ONLY five weeks remaining until the EKATVA show hits the UK … HOW EXCITING! . Currently the tour is in the USA, if you would like to catch their shows check out: EKATVA.org. Also the UK dates have now been confirmed and all the information is on the EKATVA UK Tour: Leicester // Birmingham // London event page.
Plus this week, my friend @theampatel has created three iPhone wallpapers with wonderful quotes for you to download and spread the incredible message of EKATVA!
Keep checking the Faceback Event page for a free FACEBOOK cover photo download to use on your profile
And now to the even better stuff … So, continuing on our fabulous journey to know and understand the background of these 16 cool kids of EKATVA, this week we get to meet Vicky and Sanjay.
“If you drop the dandiyo while dancing, you just have to continue the step without it.

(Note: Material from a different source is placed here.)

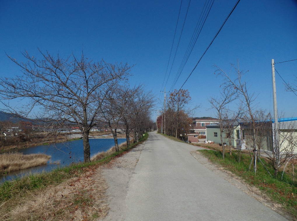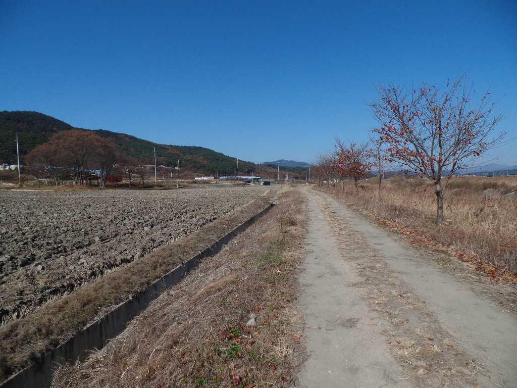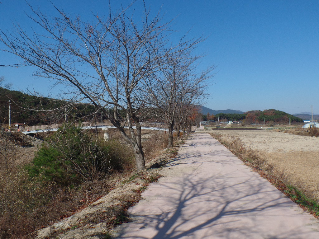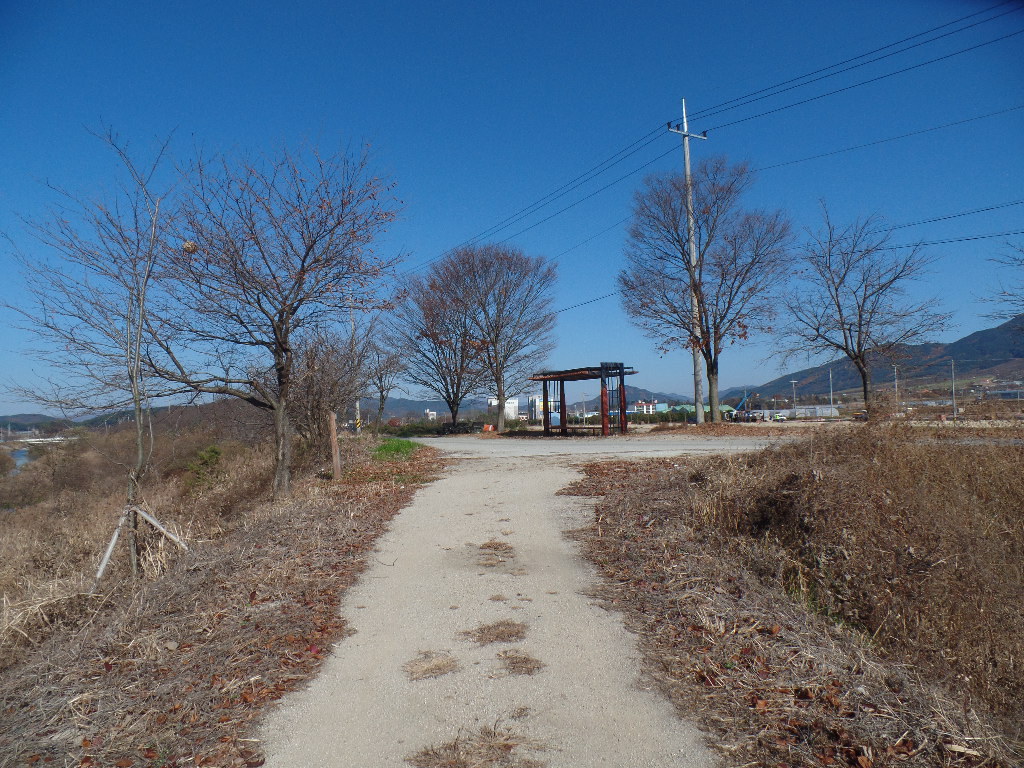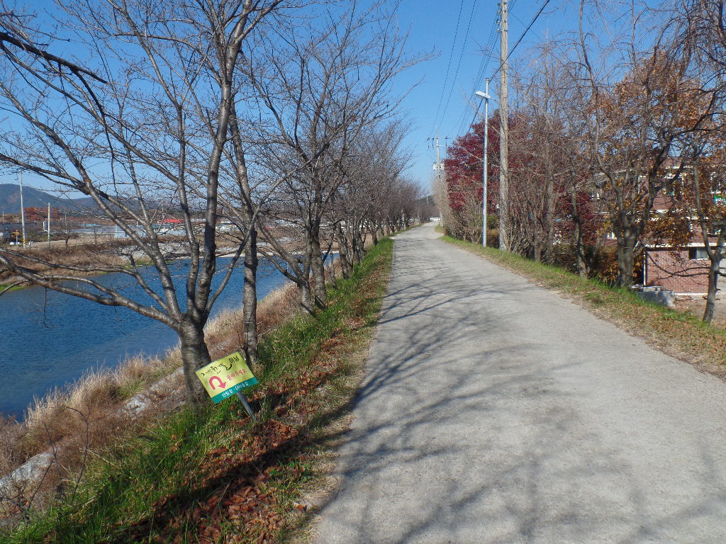 가장교를 건너자마자 다시 주촌천 둑길로 들어서며,

If something is not in our hands, we have to make an effort to move forward without it.”
In an attempt to make up lost income from his father’s illness, Vicky would polish shoes on the streets, earning 50 rupees for a full day’s work on busy intersections. “I had so much fun,” Vicky says, recounting this all-too-common tale of child labour as though it were an adventure. Although his demeanor is now thoughtful and playful, his Mom tells a different story of misbehaving and angry Vicky. But after going to Manav Sadhna and joining EKATVA, his temper has cooled and he is always ready to help out at home.
Sanjay lives in Ram Rahim no Tekro, a slum area in Old Ahmedabad, renowned for Hindu and Muslim communities living side-by-side. Sanjay began ragpicking to earn some extra income for his family, who were in danger of losing their home. He would go through mountains of rubbish in the slums around his home and collect enough scraps of paper to earn about 30 rupees per day. The conditions were unimaginable and dangerous, especially for a 10-year old boy, but Sanjay continued ragpicking for several months to help his family.
Initially, Sanjay demonstrated an impressive commitment to EKATVA, making the daily 40-minute bus trip for after-school EKATVA practice. Now he lives with most of the other kids at the Gandhi Ashram hostel where he’s learned a great deal from the surrounding positive environment and mentors.
“Bad things take no time at all to finish. It’s the good things that take a long time and hard work. For good things, you have to sweat.”